L'histoire :
A la fin du XIXème siècle, la cité portuaire et minière de Sulaco, petite ville du Costaguana, est la proie d’une révolution. La populace boute le feu aux traverses de chemin de fer et tente de s’emparer du bâtiment des douanes. Un homme à poigne et à cheval se fait respecter dans le tumulte et permet l’exfiltration du président Don Vincente Ribiera et bien d’autres notables à bord d’un clipper qui mouille à quelques encablures dans le Golfo Placido. Cet homme est le capitaine des cargadores du port (les dockers) et on l’appelle « Nostromo » (littéralement, en italien, « Notre homme »). Les « peones » le respectent pour ses qualités de meneur, sans qu’il ait besoin de faire usage de violence. Quelques mois plus tôt, Nostromo s’était déjà révélé providentiel pour assurer la sécurité du convoi menant Sir John, président du conseil d’administration de la compagnie des chemins de fer, venu à Sulaco pour l’inauguration d’un chantier destiné à désenclaver la ville. Ce jour-là, Sir John avait fait la connaissance de Charles Gould, propriétaire de l’importante mine argentifère, qui fait le gros de l’activité économique de Sulaco…

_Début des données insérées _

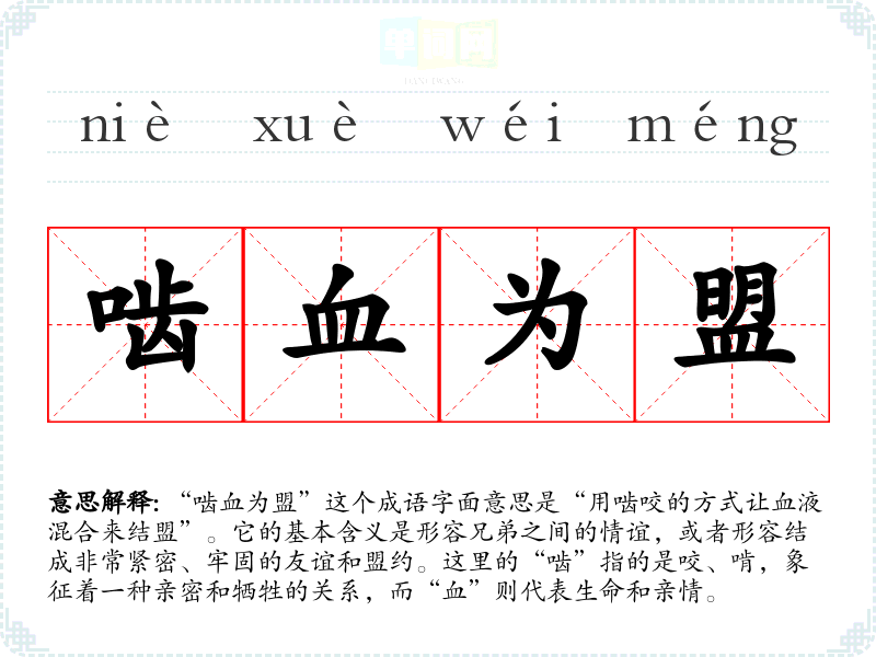 “啮血为盟”这个成语字面意思是“用啮咬的方式让血液混合来结盟”。它的基本含义是形容兄弟之间的情谊,或者形容结成非常紧密、牢固的友谊和盟约。这里的“啮”指的是咬、啃,象征着一种亲密和牺牲的关系,而“血”则代表生命和亲情。

Ce qu'on en pense sur la planète BD :
Avant d’être le nom du vaisseau dans Alien, Nostromo est un roman de Joseph Conrad (publié en 1904). Sans doute pas le plus connu, en raison de sa difficulté d’accès, mais sa construction narrative complexe et ses procédés stylistiques pointus en font un bijou pour les amateurs d’art littéraire (classé 47ème meilleur roman de tous les temps publié en langue anglaise). Pour sa première œuvre en tant qu’auteur complet, le jusqu’alors dessinateur Maël ne fait donc pas dans la facilité ! Son ardent désir d’adapter cette œuvre exigeante a sans doute aussi limité la liste des potentiels scénaristes… A des fins d’accessibilité, Maël réduit les analepses et prolepses à une construction plutôt linéaire, mais il conserve la dimension chorale de la narration. Ce premier opus du diptyque annoncé laisse donc découvrir un pays imaginaire d’Amérique Centrale, le Costaguana, perclus de tensions révolutionnaires, de despotisme local, d’esclavagisme minier et de passions amoureuses torturées. Il est vraiment ardu de s’identifier ou se passionner pour untel ou unetelle, tant les profils psychologiques rustres dans le fond et non inclusifs dans la forme nous échappent à travers cette narration alambiquée. Le cadre lui-même, entre l’aridité des paysages, le clinquant des palais décorrélé des réalités de la paupérisation, ne suscite pas un imaginaire de rêve. En revanche, comme toujours chez Maël, le dessin – un trait fin, tremblotant mais juste, rehaussé d’une colorisation au lavis – est virtuose, en toutes situations. L’historien (et scénariste de BD) Sylvain Venayre rend hommage à cet ambitieux projet d’adaptation en postface. Une fois bouclé, le diptyque devrait conférer toute la puissance homérique d’une œuvre profondément pessimiste sur la condition humaine.